Characterisation of Bi2Se3 crystals highly doped with Pb

Pb-doped Bi2Se3 crystals were prepared from starting elements Bi, Se and Pb of 5N purity in the concentration interval c(Pb) = 0 - 4 x 10(25) Pb atoms m(-3) by a modified Bridgman method. The measured values of the transmittance and reflectance were used to determine the dependence of the absorption coefficient K on the photon energy for crystals with various values of c(Pb) and to prove the shift of the short-wavelength absorption edge with c(Pb). On the basis of the assumption of the validity of the ''single valley'' model, which can describe the lowest conductivity band of Bi2Se3, and using the values of the free-carrier effective mass in the directions perpendicular and parallel to the trigonal axis c we determined the value of the reduced Fermi energy eta as 300 K for crystals with various values of c(Pb). Using the value of eta, we calculated the dependence of the Seebeck coefficient on c(Pb) and compared it with the experimentally determined values.

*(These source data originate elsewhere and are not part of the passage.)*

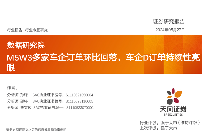 【天风证券】【20240527】M5W3多家车企订单环比回落,车企D订单持续性亮眼-11页
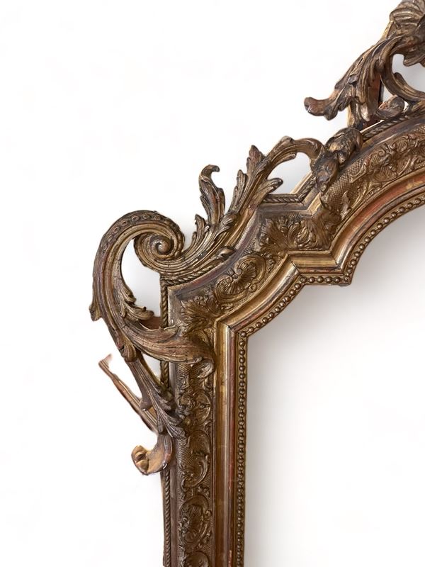 In legno dorato con parti in rilievo in pastiglia. Ampia cimasa superiore.
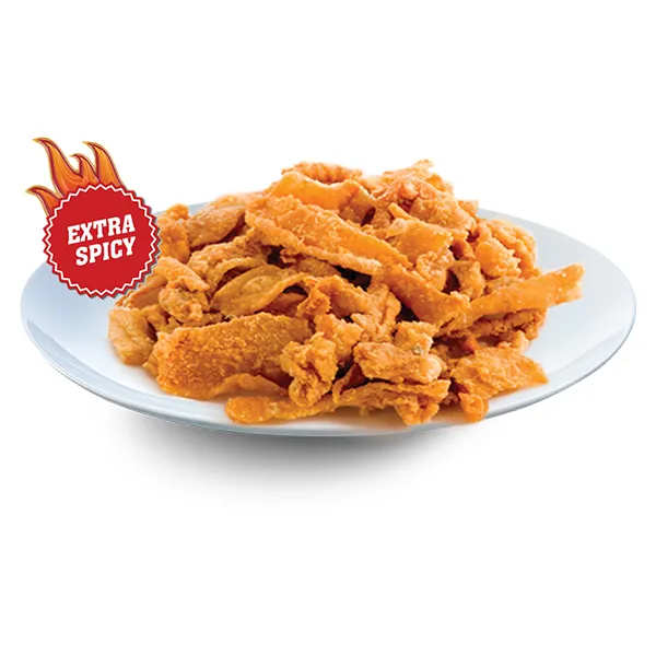 Seasoned and breaded chicken skin., Deep, fried until crispy and golden brown.
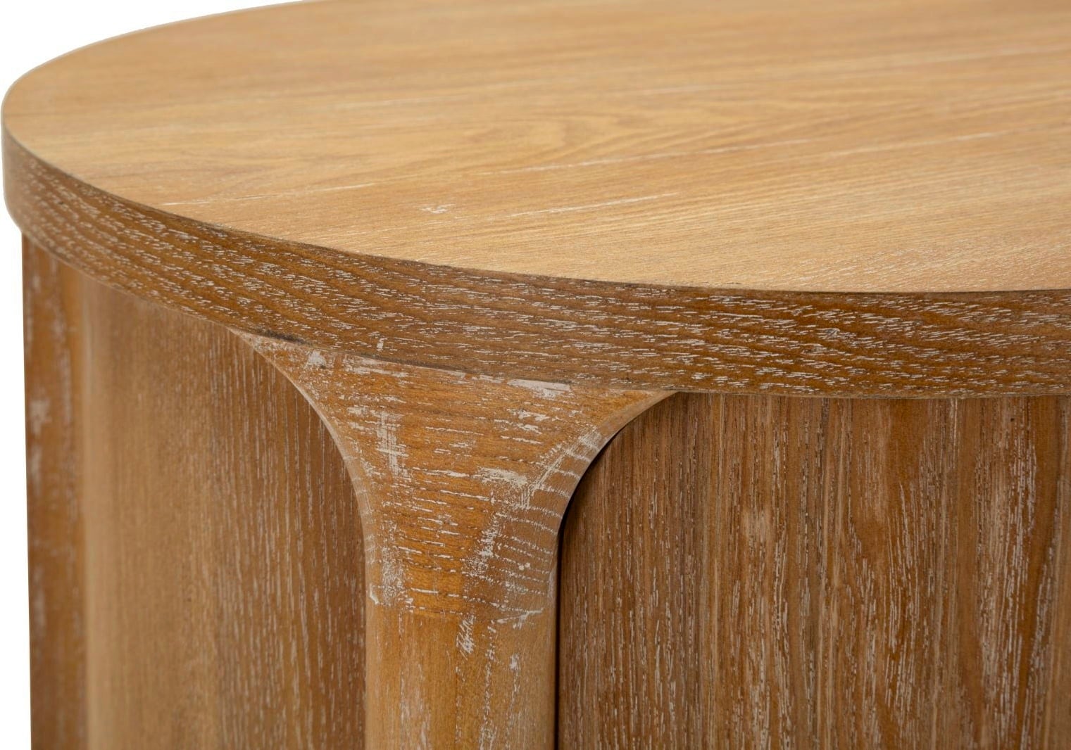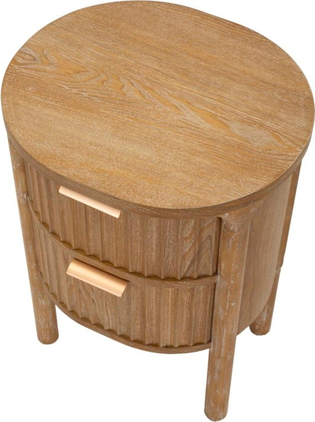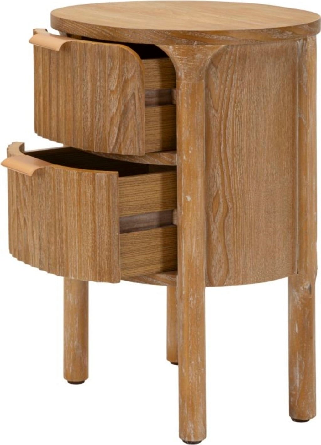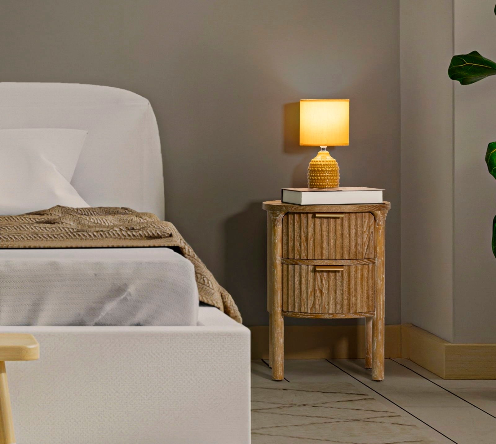 Ergänze dein Schlafzimmer um ein Möbelstück, das schlichte Eleganz und moderne Funktionalität perfekt vereint. Der Nachttisch Göteborg besticht durch seine kompakte, ovale Konstruktion und die sanften, abgerundeten Linien in warmer Naturholz-Optik. Die Fronten sind dezent strukturiert, was dem Tisch eine raffinierte Haptik verleiht.

The comparison has shown that the increasing content of Pb atoms in the Bi2Se3 lattice leads to a suppression of the role of the mechanism of scattering by ionised impurities; at higher concentrations of Pb in the crystal the mechanism of scattering of free carriers by acoustic phonons becomes dominant. Further, the ideas on the nature of the point defects in the Bi2Se3(Pb) crystals are presented and the "anomalous" dependence of the free-electron concentration on c(Pb) is qualitatively accounted for.